[RECORDS Boundary: Start]

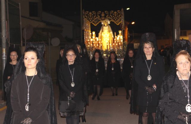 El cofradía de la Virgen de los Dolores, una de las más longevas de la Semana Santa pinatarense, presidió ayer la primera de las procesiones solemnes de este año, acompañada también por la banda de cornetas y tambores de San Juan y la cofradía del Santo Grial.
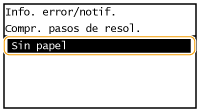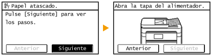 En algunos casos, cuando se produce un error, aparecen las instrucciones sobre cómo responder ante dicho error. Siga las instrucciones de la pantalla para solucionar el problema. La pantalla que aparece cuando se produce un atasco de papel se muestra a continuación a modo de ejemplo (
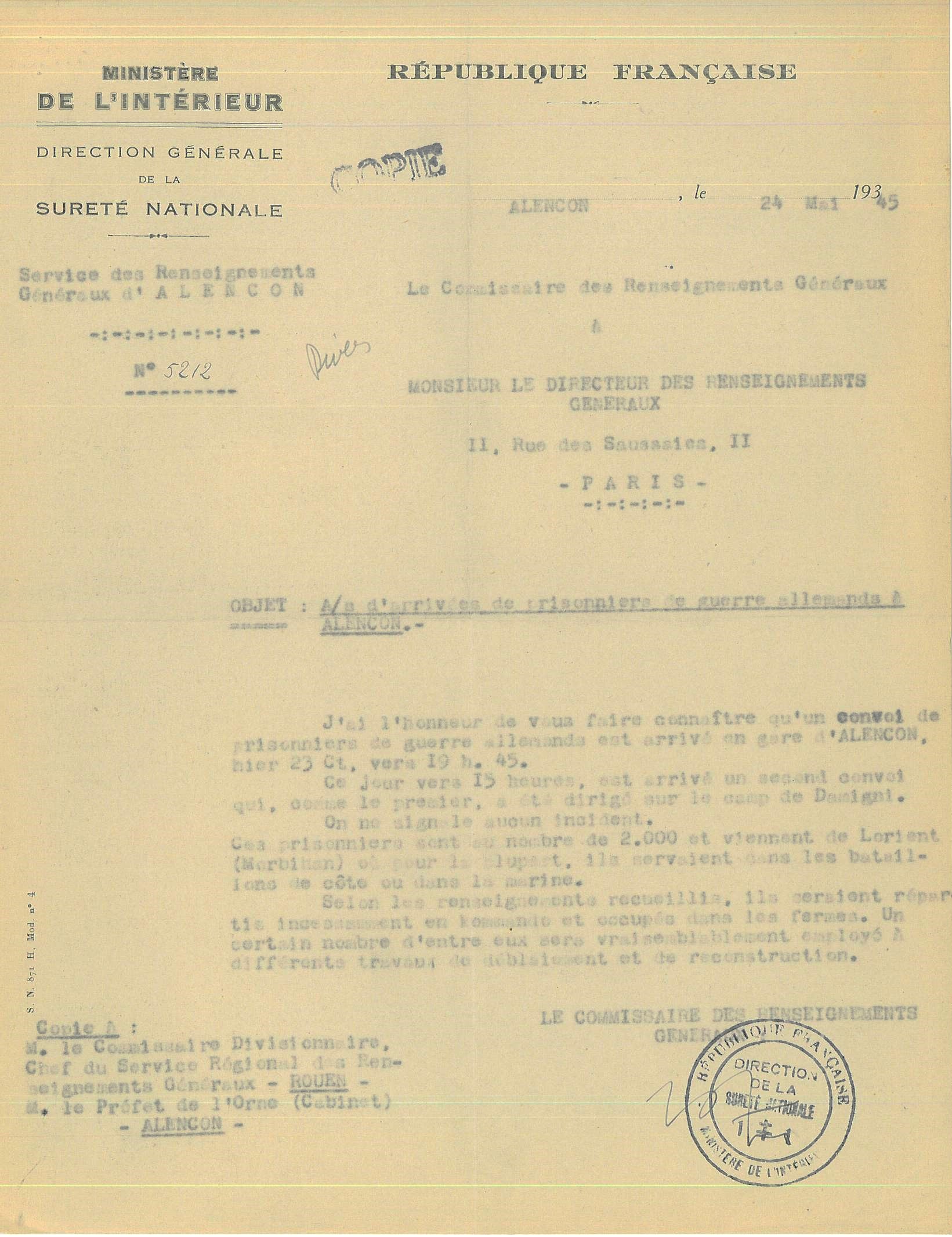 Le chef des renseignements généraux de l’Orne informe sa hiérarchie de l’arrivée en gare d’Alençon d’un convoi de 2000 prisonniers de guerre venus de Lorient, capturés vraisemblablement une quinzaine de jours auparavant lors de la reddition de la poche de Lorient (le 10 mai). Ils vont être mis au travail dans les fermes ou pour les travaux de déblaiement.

[RECORDS Boundary: End]
[RECORDS Boundary: Start]

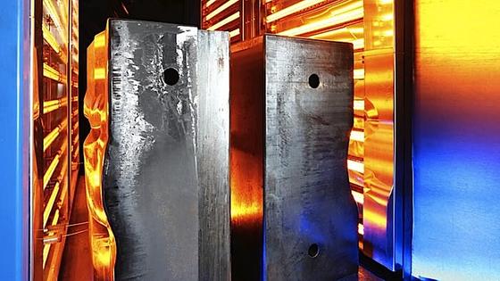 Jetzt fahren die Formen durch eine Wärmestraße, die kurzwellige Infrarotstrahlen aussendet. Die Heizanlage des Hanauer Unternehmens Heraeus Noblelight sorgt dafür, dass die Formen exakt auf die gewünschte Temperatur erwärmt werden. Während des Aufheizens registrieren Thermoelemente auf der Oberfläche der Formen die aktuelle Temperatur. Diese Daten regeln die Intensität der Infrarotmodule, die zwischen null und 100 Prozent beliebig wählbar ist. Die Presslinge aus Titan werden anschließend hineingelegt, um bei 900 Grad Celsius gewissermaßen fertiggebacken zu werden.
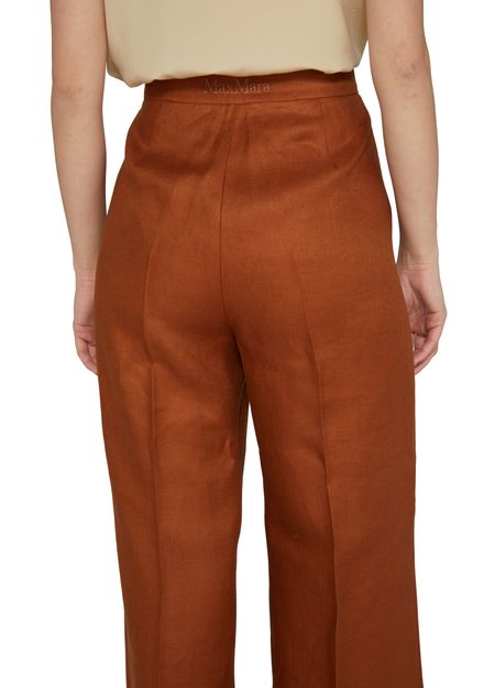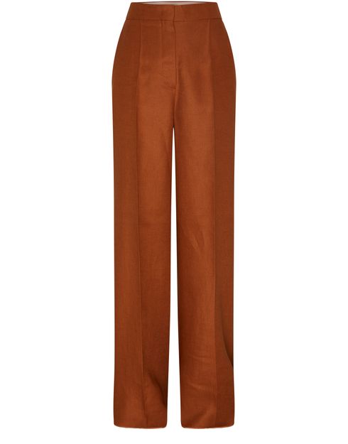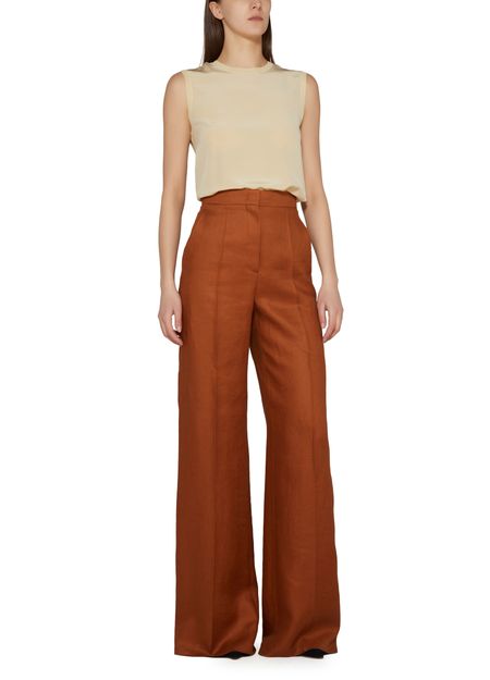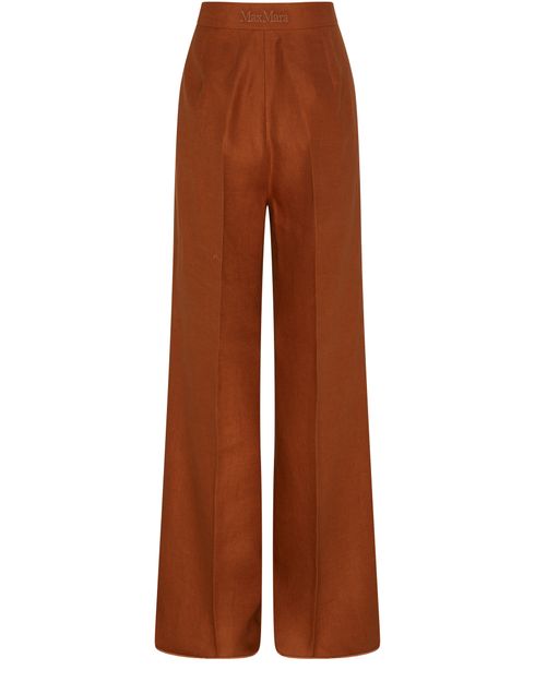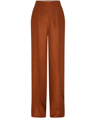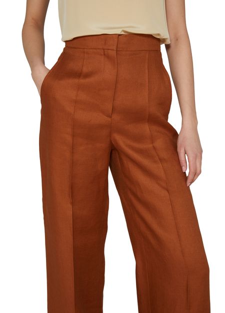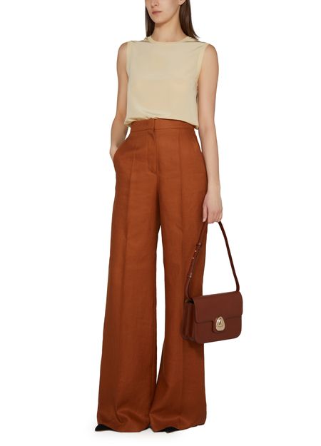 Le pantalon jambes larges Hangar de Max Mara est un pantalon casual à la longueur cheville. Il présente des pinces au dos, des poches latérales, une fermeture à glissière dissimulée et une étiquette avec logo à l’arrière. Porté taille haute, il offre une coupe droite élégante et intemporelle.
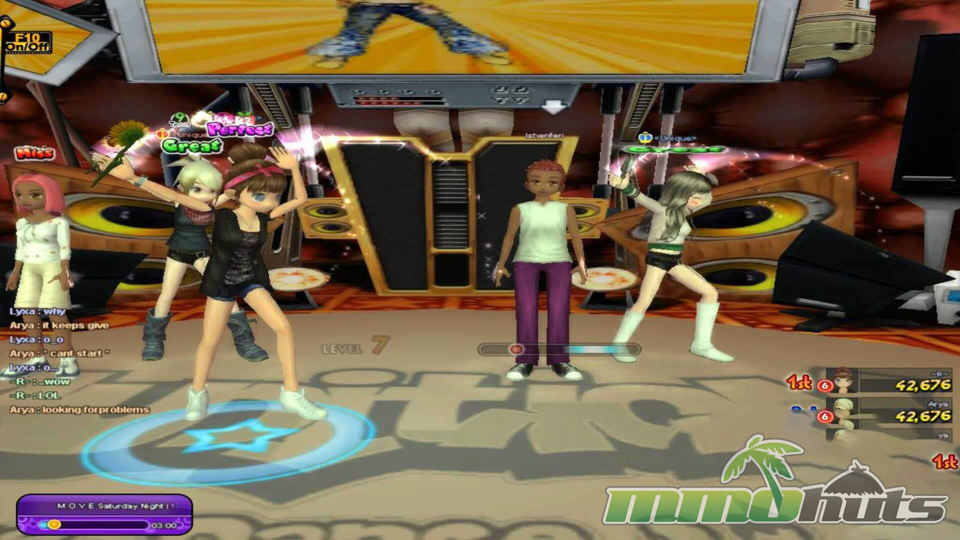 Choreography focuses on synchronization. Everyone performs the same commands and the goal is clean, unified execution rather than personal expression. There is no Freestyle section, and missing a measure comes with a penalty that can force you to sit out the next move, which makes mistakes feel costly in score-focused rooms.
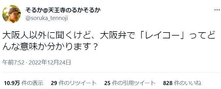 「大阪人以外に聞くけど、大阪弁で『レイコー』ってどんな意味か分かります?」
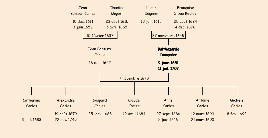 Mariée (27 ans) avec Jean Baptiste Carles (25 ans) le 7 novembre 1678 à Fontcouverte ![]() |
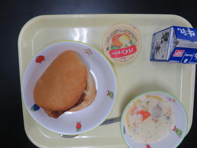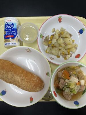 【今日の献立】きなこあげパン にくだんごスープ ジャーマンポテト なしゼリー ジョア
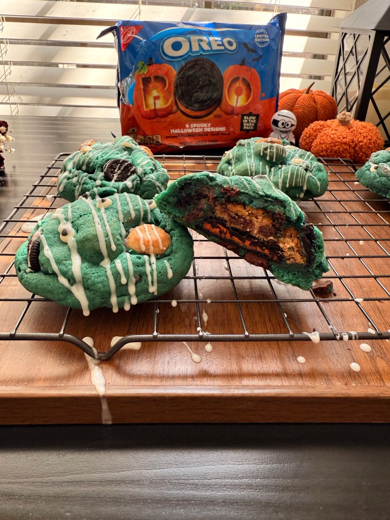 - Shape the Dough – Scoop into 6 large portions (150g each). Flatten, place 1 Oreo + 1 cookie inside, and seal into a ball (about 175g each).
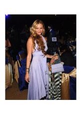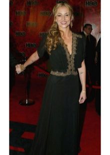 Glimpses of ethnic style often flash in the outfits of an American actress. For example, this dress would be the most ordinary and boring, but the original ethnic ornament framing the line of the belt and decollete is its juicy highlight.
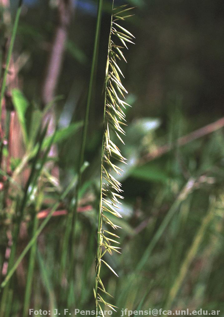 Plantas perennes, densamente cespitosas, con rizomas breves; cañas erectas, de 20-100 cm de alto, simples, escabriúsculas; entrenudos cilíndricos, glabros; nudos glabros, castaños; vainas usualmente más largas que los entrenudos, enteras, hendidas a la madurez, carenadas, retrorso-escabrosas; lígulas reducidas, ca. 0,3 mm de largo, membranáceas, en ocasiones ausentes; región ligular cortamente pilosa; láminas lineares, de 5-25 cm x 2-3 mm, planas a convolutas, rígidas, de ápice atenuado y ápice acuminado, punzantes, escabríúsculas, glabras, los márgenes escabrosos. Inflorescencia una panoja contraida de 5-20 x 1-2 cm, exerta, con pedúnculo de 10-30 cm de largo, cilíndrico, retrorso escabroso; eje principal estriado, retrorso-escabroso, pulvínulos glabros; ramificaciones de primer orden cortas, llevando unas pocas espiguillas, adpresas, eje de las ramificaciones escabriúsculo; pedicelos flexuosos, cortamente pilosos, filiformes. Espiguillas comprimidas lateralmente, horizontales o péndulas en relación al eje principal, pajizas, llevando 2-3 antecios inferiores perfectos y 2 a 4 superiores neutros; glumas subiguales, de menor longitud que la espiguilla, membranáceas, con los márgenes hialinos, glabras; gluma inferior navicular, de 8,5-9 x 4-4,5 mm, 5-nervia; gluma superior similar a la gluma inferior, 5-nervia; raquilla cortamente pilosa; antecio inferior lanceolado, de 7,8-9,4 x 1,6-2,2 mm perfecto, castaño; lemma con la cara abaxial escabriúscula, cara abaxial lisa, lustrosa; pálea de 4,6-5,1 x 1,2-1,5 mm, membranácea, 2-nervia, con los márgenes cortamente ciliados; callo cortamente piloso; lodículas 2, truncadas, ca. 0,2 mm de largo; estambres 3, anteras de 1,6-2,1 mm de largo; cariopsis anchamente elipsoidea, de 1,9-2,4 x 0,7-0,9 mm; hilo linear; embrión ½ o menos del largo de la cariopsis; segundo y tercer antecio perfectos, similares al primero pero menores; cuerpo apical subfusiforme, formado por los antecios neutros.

[RECORDS Boundary: End]
[RECORDS Boundary: Start]

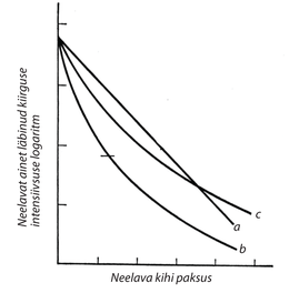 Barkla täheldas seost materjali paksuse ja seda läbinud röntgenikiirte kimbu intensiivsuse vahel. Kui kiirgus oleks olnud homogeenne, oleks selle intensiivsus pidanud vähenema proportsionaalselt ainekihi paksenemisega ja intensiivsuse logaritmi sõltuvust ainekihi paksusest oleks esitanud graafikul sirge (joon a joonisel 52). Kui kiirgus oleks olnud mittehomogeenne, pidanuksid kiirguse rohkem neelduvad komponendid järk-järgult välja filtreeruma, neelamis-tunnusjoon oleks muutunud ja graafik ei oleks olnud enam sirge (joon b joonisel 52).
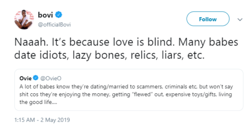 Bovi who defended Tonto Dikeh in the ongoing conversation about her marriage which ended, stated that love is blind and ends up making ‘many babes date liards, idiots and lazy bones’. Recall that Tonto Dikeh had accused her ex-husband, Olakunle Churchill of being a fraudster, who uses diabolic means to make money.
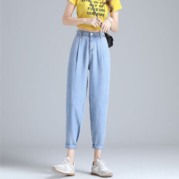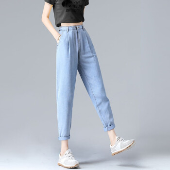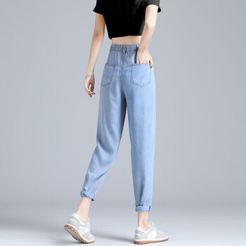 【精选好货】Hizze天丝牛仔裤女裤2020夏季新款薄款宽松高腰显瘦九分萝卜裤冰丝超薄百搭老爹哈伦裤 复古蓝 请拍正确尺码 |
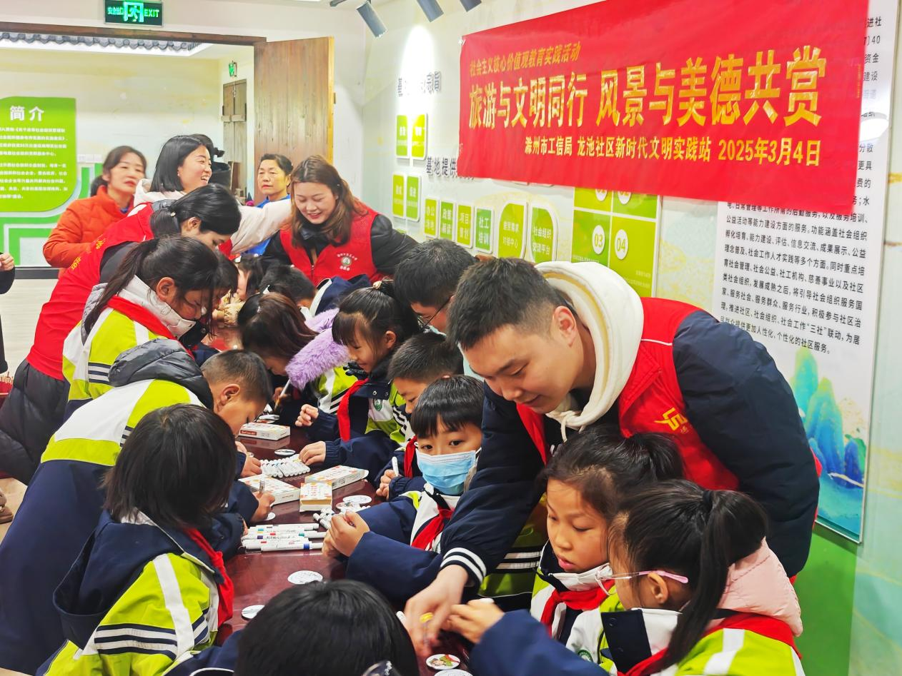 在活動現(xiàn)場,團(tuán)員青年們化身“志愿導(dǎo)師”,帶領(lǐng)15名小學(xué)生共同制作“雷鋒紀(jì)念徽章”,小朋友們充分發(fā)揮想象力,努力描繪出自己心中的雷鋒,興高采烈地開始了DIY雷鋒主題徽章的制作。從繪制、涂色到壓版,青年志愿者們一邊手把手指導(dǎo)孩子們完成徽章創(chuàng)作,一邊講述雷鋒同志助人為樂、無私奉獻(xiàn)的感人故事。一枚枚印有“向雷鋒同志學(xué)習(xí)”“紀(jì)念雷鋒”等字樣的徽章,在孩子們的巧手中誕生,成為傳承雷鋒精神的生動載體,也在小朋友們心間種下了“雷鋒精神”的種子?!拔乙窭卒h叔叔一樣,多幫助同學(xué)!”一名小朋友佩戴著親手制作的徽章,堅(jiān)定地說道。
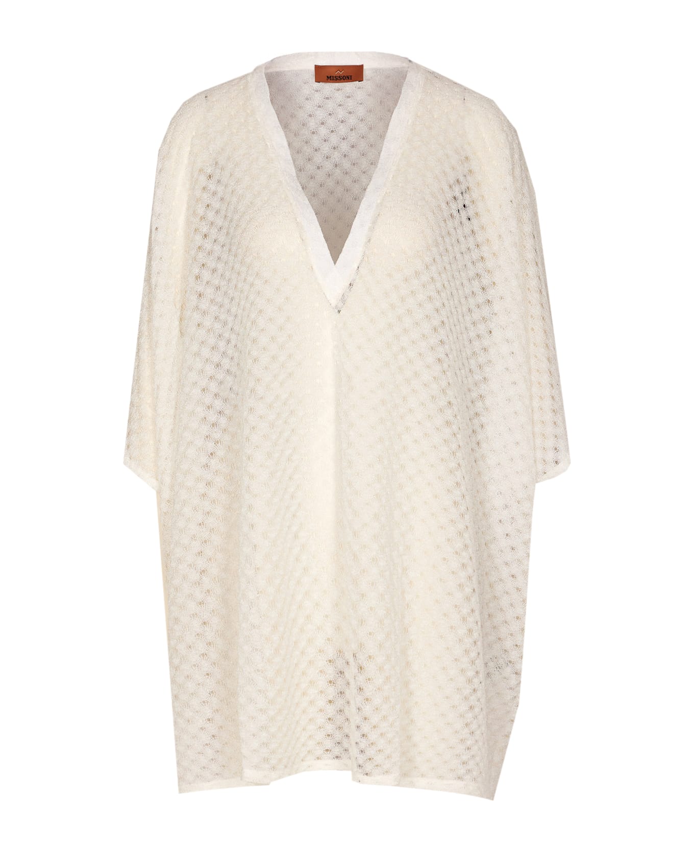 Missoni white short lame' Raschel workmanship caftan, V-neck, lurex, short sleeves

[RECORDS Boundary: End]

TASK DESCRIPTION:
With pictures excluded, reproduce exactly the lines above from the one containing "ジャーマンポテト なしゼリー ジョア" down to the one containing "Glimpses of ethnic", those two included.

PROBLEM SOLUTION:
 【今日の献立】きなこあげパン にくだんごスープ ジャーマンポテト なしゼリー ジョア
 - Shape the Dough – Scoop into 6 large portions (150g each). Flatten, place 1 Oreo + 1 cookie inside, and seal into a ball (about 175g each).
 Glimpses of ethnic style often flash in the outfits of an American actress. For example, this dress would be the most ordinary and boring, but the original ethnic ornament framing the line of the belt and decollete is its juicy highlight.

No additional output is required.